Directions: Repeat every line of the data exactly, but not the pictures.

Records from a data collection
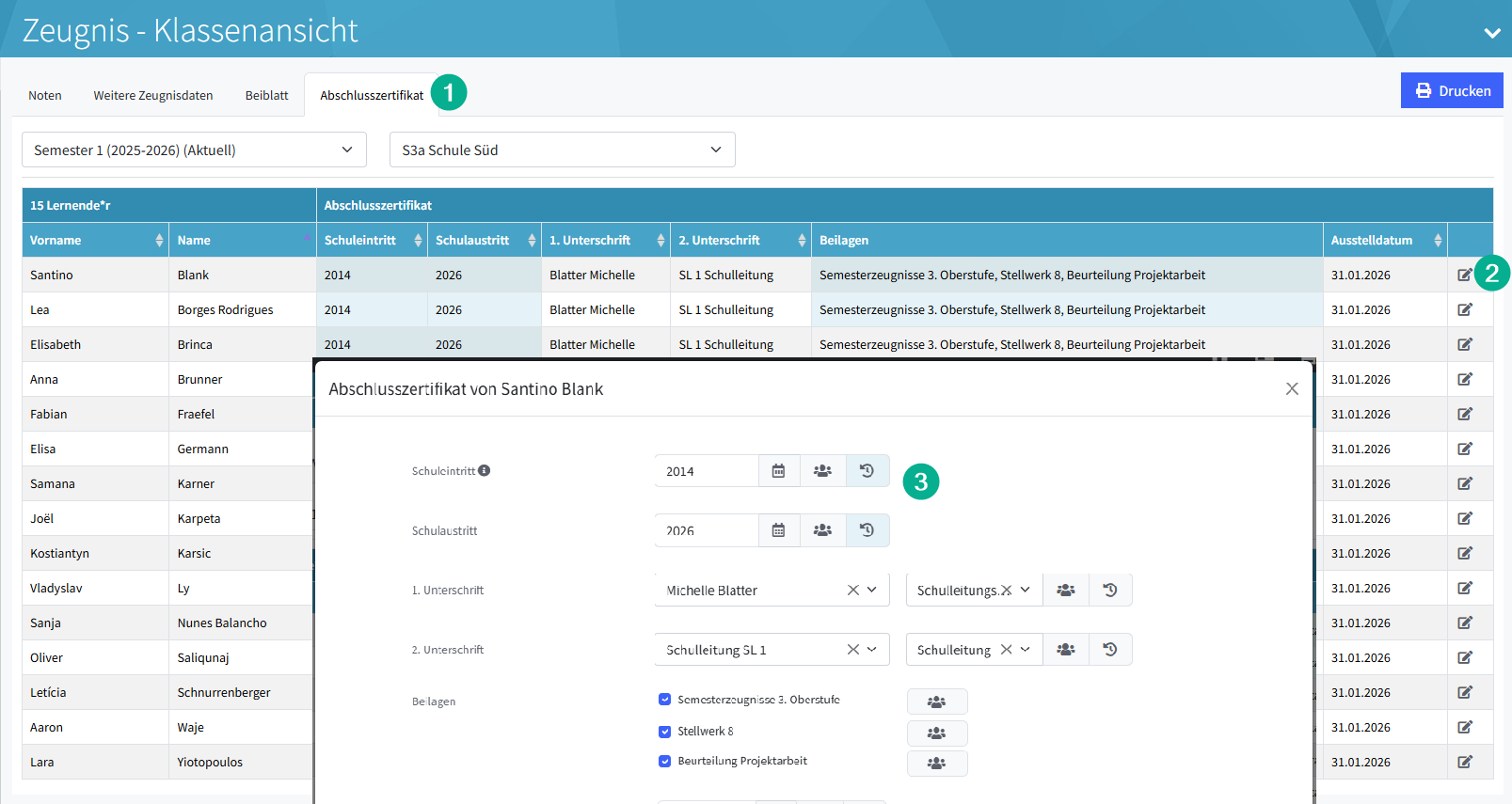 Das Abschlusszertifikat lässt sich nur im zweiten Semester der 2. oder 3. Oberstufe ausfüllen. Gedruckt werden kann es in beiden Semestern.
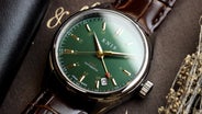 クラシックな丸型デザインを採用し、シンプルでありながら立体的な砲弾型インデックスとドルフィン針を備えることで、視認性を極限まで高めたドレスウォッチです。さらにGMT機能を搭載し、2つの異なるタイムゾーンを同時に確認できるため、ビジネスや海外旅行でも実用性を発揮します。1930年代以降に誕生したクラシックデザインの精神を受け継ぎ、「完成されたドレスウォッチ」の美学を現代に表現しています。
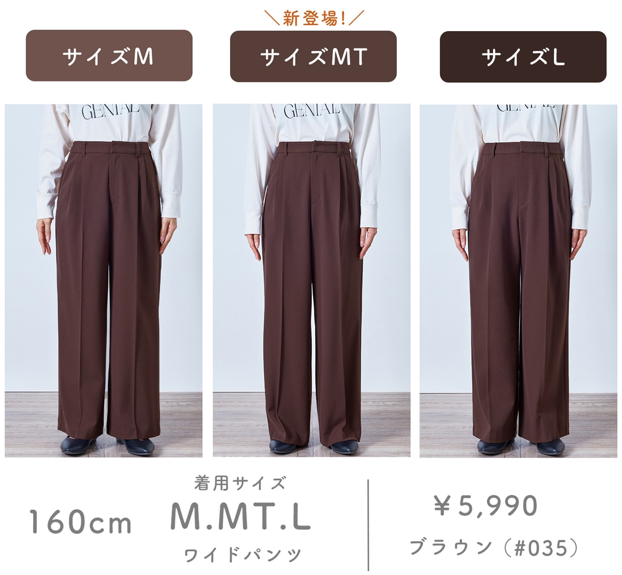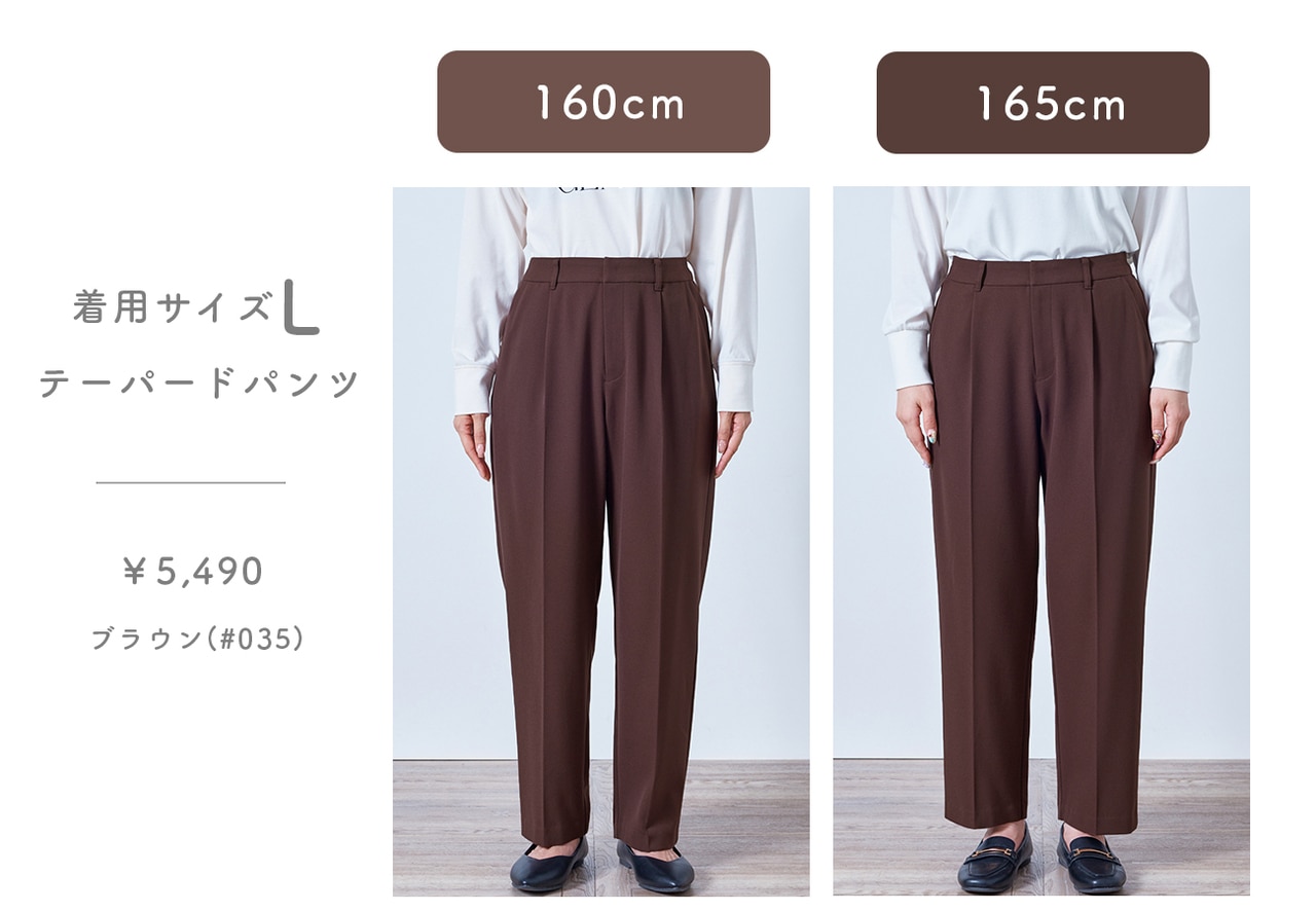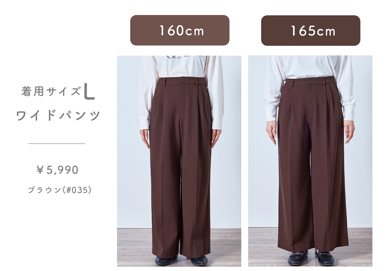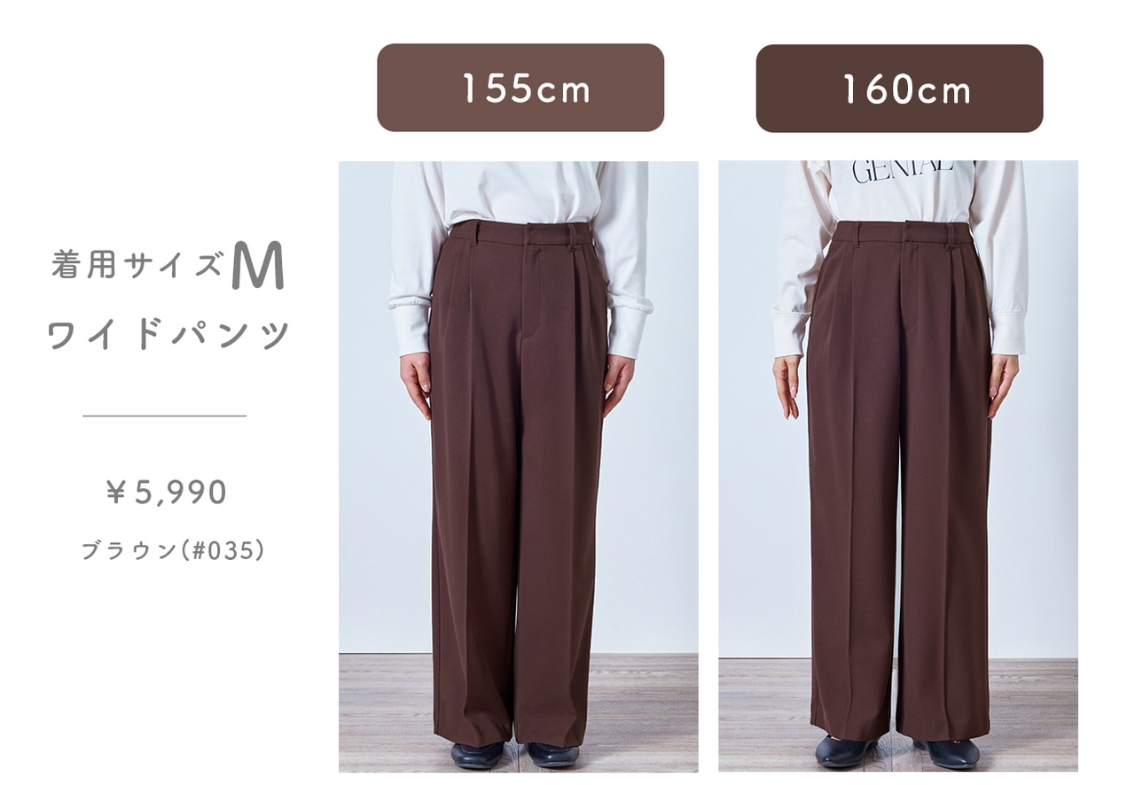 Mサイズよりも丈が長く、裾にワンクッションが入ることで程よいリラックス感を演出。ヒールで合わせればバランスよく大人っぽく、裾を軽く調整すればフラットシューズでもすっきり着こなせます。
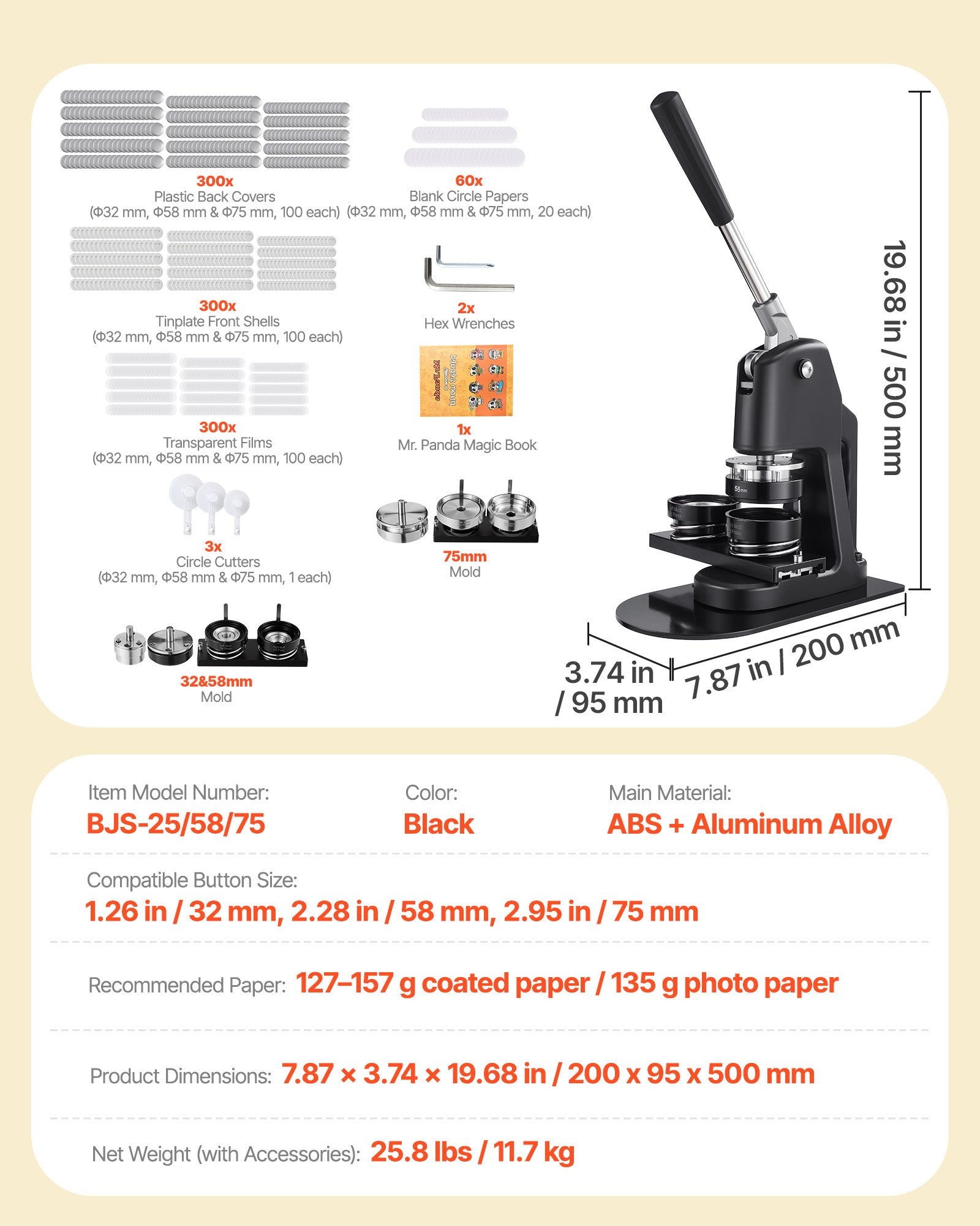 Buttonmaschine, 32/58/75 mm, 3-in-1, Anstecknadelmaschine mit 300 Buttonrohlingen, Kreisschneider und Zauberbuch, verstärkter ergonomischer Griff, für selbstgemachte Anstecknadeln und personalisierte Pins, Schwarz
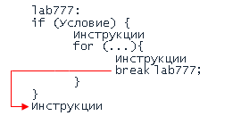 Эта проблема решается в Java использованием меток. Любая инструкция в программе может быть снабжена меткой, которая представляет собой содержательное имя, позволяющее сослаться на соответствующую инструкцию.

Task response:
 Das Abschlusszertifikat lässt sich nur im zweiten Semester der 2. oder 3. Oberstufe ausfüllen. Gedruckt werden kann es in beiden Semestern.
 クラシックな丸型デザインを採用し、シンプルでありながら立体的な砲弾型インデックスとドルフィン針を備えることで、視認性を極限まで高めたドレスウォッチです。さらにGMT機能を搭載し、2つの異なるタイムゾーンを同時に確認できるため、ビジネスや海外旅行でも実用性を発揮します。1930年代以降に誕生したクラシックデザインの精神を受け継ぎ、「完成されたドレスウォッチ」の美学を現代に表現しています。
 Mサイズよりも丈が長く、裾にワンクッションが入ることで程よいリラックス感を演出。ヒールで合わせればバランスよく大人っぽく、裾を軽く調整すればフラットシューズでもすっきり着こなせます。
 Buttonmaschine, 32/58/75 mm, 3-in-1, Anstecknadelmaschine mit 300 Buttonrohlingen, Kreisschneider und Zauberbuch, verstärkter ergonomischer Griff, für selbstgemachte Anstecknadeln und personalisierte Pins, Schwarz
 Эта проблема решается в Java использованием меток. Любая инструкция в программе может быть снабжена меткой, которая представляет собой содержательное имя, позволяющее сослаться на соответствующую инструкцию.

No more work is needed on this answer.